Opinion: Can These Foreign Policy Minded Obama Era Officials Win Election in 2018?

Assistant Secretary of State for Democracy, Human Rights and Labor Tomasz Malinowski testifies on Capitol Hill on Feb. 3, 2015, in Washington. (Andrew Harnik/For The Washington Post)

The Washington Post

Can these Obama-era national security officials win in Congress?

In the first national election of the Trump era, more than a half-dozen Obama administration national security officials are running for Congress, which could result in the largest influx of foreign-policy-minded Democrats to Capitol Hill in years. But all of them face the challenge of moving from the world of policy to politics and translating their Washington résumés into arguments that appeal to locally focused voters.

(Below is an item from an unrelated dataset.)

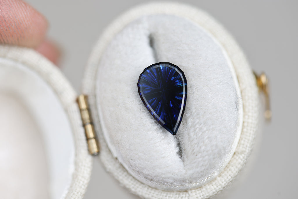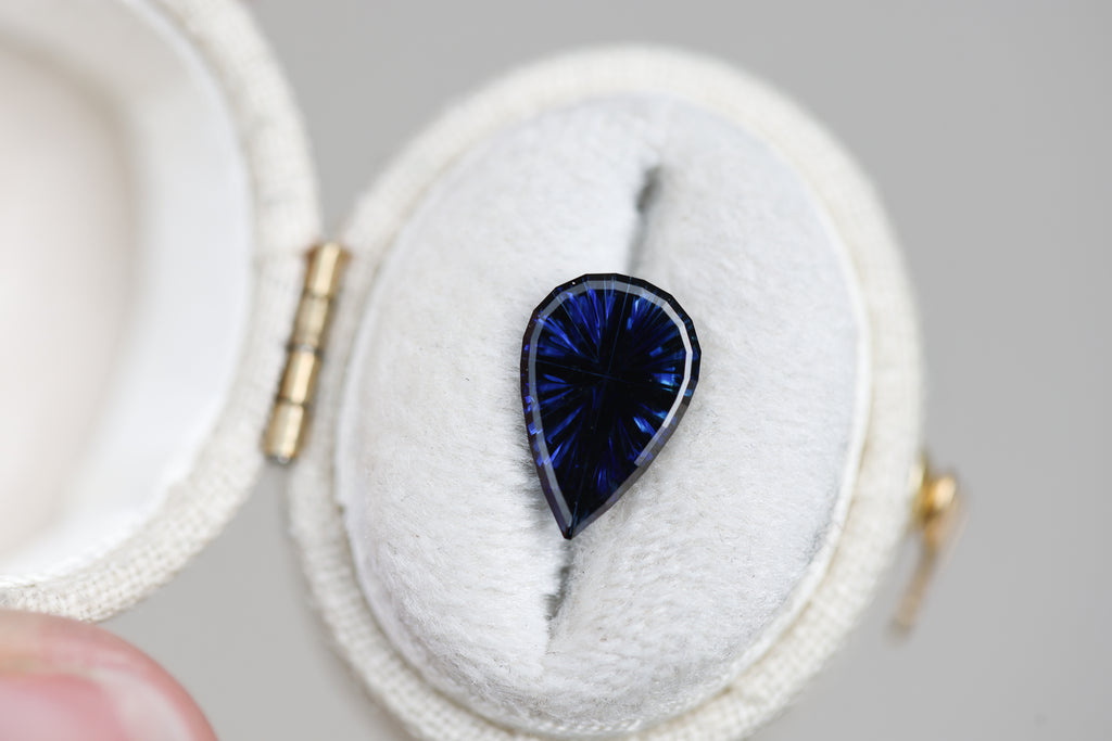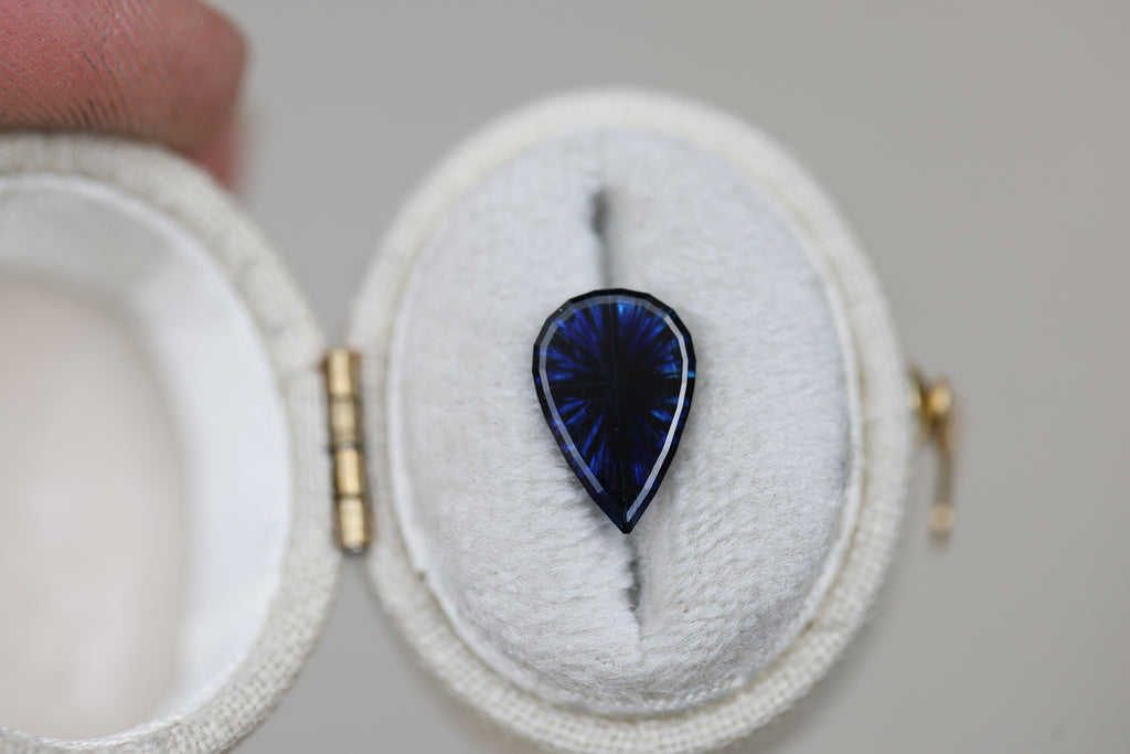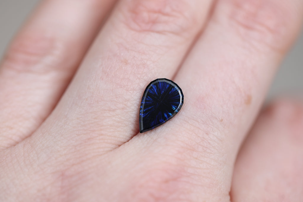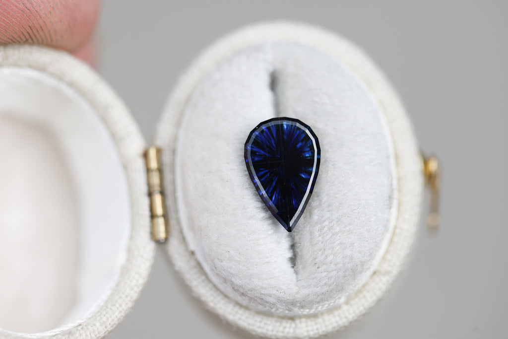 1.71ct pear deep dark blue sapphire - Starbrite cut by John Dyer

Officials from President Barack Obama’s National Security Council, State Department and Defense Department have returned home to run for Congress in 2018. Each has a different story, constituency and task at hand. But they all have come to the conclusion that, after long careers in government bureaucracies, their best chance to serve meaningfully is to enter the political fray.

But can they convince voters that their foreign policy experience qualifies them to fight on behalf of local issues? That careers in Washington give them the credibility and skills to reform a broken system? And can they raise enough money to win?

Some of these Democratic aspirants are entering politics in reaction to what they see as a national crisis caused by the Trump presidency…

Tom Malinowski, who served as assistant secretary of state for democracy, human rights and labor under Obama, told me he is running in New Jersey because he sees the United States’ role and identity as a force for good in the world being squandered by President Trump.

“The values that I’ve been fighting for around the world are the values that are being called into question here in the United States,” Malinowski said. “It can’t be fixed by writing policy papers. It can only be fixed through the political process.”